**HOW TO COMPLETE THIS TASK:**
The copy should hold exactly the lines below from the one that contains "Senker Fashion Wool" through the one that contains "avg(processes waiting for run" and nothing else, so no pictures.

**TASK INPUTS:**

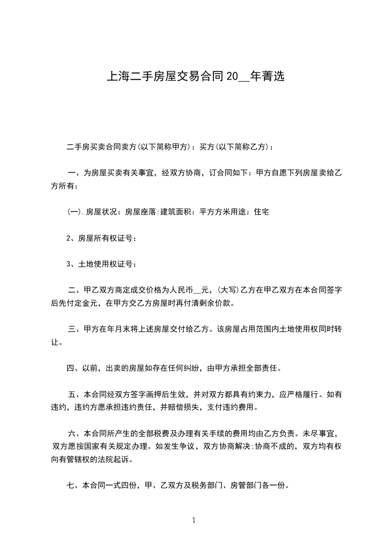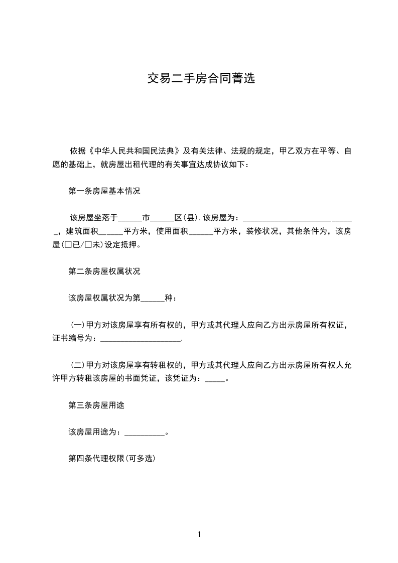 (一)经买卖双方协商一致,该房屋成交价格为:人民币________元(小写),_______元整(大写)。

* * *

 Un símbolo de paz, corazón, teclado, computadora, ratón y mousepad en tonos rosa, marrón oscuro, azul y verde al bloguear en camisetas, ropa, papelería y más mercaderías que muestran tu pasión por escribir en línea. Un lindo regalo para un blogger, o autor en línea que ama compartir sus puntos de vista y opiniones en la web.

...

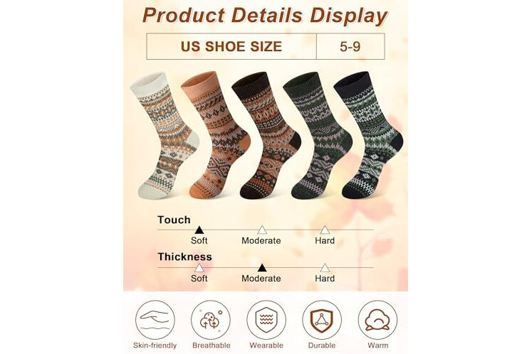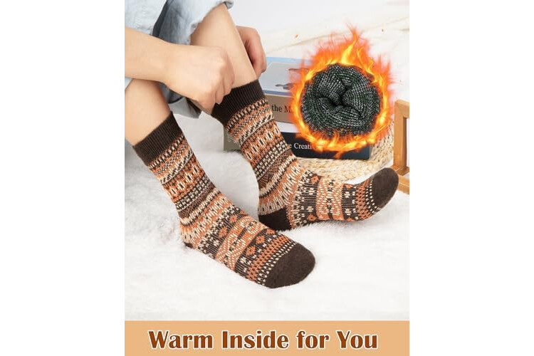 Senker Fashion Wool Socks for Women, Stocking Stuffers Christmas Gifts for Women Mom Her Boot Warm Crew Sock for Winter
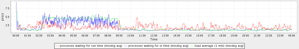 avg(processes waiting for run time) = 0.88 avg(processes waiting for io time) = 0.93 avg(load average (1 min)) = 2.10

**RESPONSE BELOW:**
 Senker Fashion Wool Socks for Women, Stocking Stuffers Christmas Gifts for Women Mom Her Boot Warm Crew Sock for Winter
 avg(processes waiting for run time) = 0.88 avg(processes waiting for io time) = 0.93 avg(load average (1 min)) = 2.10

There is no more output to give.